## TRY IT
Reproduce, character for character, the lines below from the first through the one with "すると枯れた蓮の茎を集めて、取り除いているようだった。". Leave pictures out.

## GIVEN MATERIAL
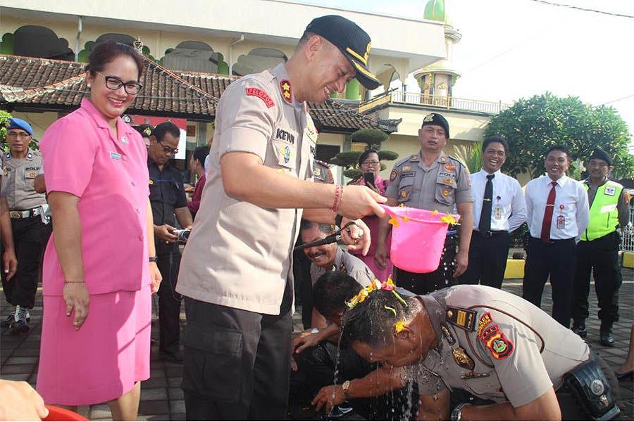 Naik Pangkat 78 Anggota Polres Jembrana Disiram Air Kembang
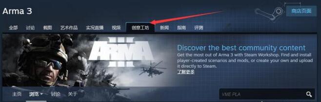 愿蟭eam中点选游戏社区中心,然后如图选择创意工坊,在创意工坊右下角搜索栏目里,输入PLA,这个缩写的意思大家都懂吧,是解放军,基本与此有关的MOD都会列出来。如下图。
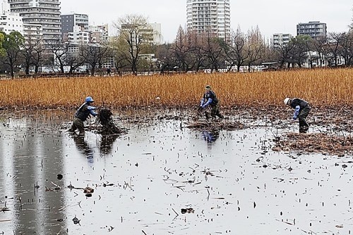 すると枯れた蓮の茎を集めて、取り除いているようだった。
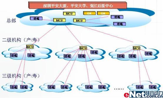 平安保險公司的視頻會議系統(tǒng)覆蓋公司產險、壽險、信托、銀行等各分支公司。從99年起,平安保險的視頻會議系統(tǒng)建設就未曾停滯過,至今年7月,已經在產險和壽險兩大公司內覆蓋至全國各地的三級機構,其他分公司也已經覆蓋至全過二級機構。公司全部使用POLYCOM視頻會議系統(tǒng)構架其主要會議室,終端總數已超過四百臺,多點會議服務器(MCU)四十余臺,分布全國各地以及平安保險公司全球的各樞紐公司。預計至今年年底,平安保險的POLYCOM視頻會議系統(tǒng)將成為國內最大的企業(yè)級視頻會議應用系統(tǒng)。

## YOUR SOLUTION
 Naik Pangkat 78 Anggota Polres Jembrana Disiram Air Kembang
 愿蟭eam中点选游戏社区中心,然后如图选择创意工坊,在创意工坊右下角搜索栏目里,输入PLA,这个缩写的意思大家都懂吧,是解放军,基本与此有关的MOD都会列出来。如下图。
 すると枯れた蓮の茎を集めて、取り除いているようだった。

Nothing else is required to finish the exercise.